The younger generations (from my personal, anecdotal observation) tend to resolutely focus on functionality in general–and multi-functionality, specifically, in handbags. If they can’t sling it over whatever is most convenient (hand, arm, shoulder, cross-body, on the back), they don’t seem as enamored with it. I notice this same thing on tPF.
I really am keen to know if they see a hand-carry-only tote, with no legitimate strap option, as a generational trophy. Will its lack of functionality become proof of luxury? Or will some other feature come to represent the style pinnacle, for some other reason?
Lawsuit or not, brand dilution or not, the gatekeepers of luxury might want to consider that while they endeavor to identify The Next Big Trend.
Well written but I’m afraid that if influencers aren’t radically changed it’d be “cool” to some people.
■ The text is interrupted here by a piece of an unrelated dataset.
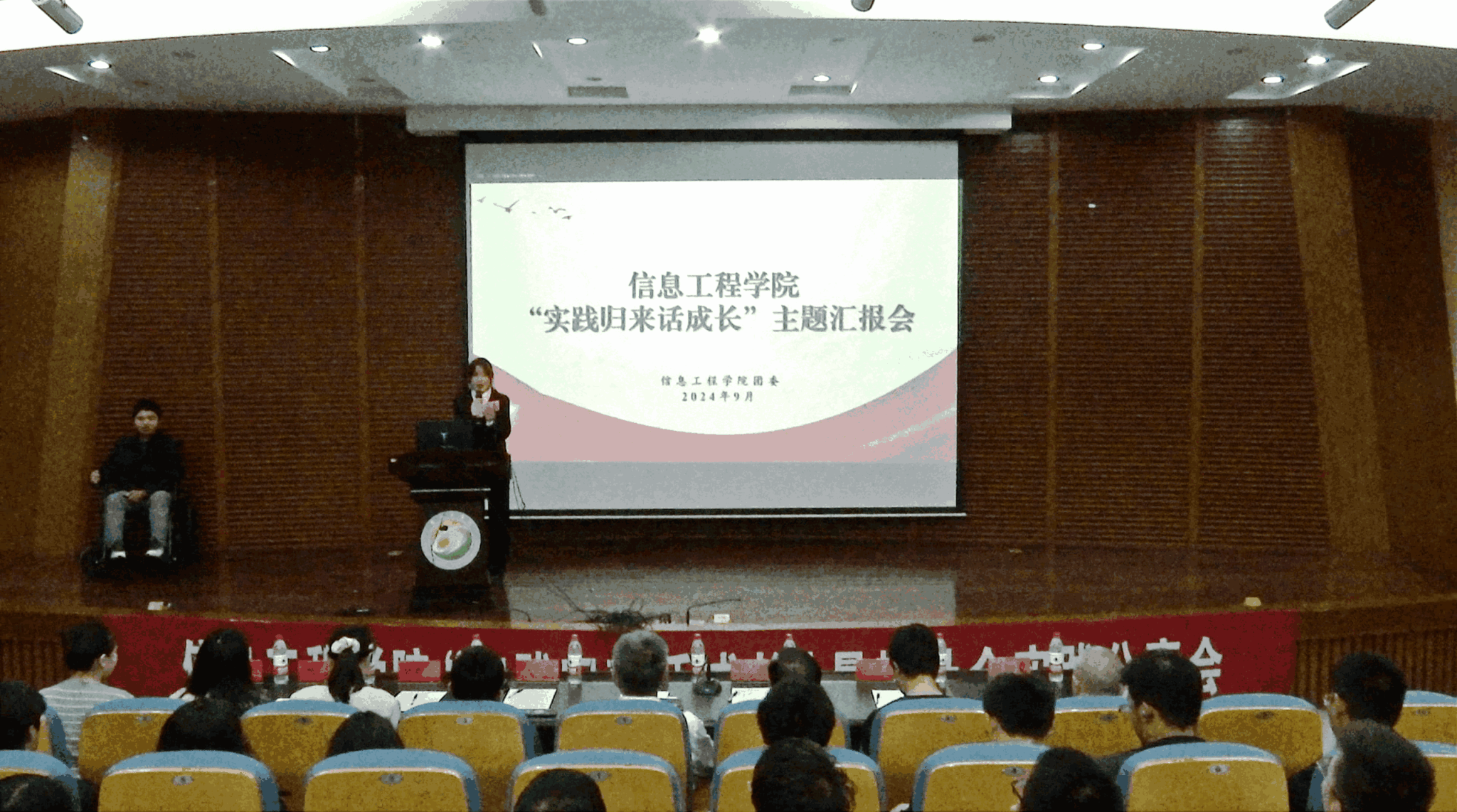 汇报会上,各实践团队负责人上台发言,采用PPT讲演的方式,以生动的影像、丰富的图片和精心准备的汇报内容分享了实践成果,一起回顾了社会实践的精彩瞬间。“明日之星”暑期实践团队连续四年创办爱心暑托班,利用暑假休息时间为社区留守儿童提供公益性辅导;“智启乡村新篇章 共筑振兴中国梦”实践团队通过老党员访谈、专业启蒙讲座、关爱留守老人和爱国主义教育等系列活动,为沙荡社区的居民们带来了实际的帮助和知识;B人工智能232班黄雪晴在暑期返乡成为当地小学、初中的一名实习老师,为家乡的教育发展贡献自己的力量;其余分散实践的各位优秀代表实践内容丰富、形式多样,包括职业体验、助力乡村振兴等。

But what a great summary of Birkin/Kelly. It’s perfect for influencers. To take a pic and be done. I’m also in the minority but my bags are not my babies and I don’t treat them like babies. If I need to baby sth it means I cannot afford it or it’s annoying and impractical.
Well said!
Just want to point out that the terms “gatekeeping” and “(thing)gate” are not inherently related terms. Calling something like “Wirkingate” is a reference to the presidential Watergate scandal, and has since been used to catchify a name of any sort of scandal going on. (Gamergate, for example.) So in this example, “Wirkingate” would be the scandal of blatant copying, which as you point out is nothing new. (Go to any fast fashion store in the mall for examples of dupes.) Gatekeeping is keeping people of the out-group away from something, which is more like, to use games again, men trying to keep women out of their favorite fictional media by harassing them into oblivion, and harassing studios that feature characters they don’t “approve” of. I suppose real birkins have the gatekeeping quality of the SA and store manager deciding who is “worthy” to own one, but the real element is simply the expense (including secondhand) and exclusivity of the items being limited.
Just wanted to point it out because as a game dev who has lived through essentially two gamergates, it has a real… specific and icky connotation beyond cost, at least from my perspective.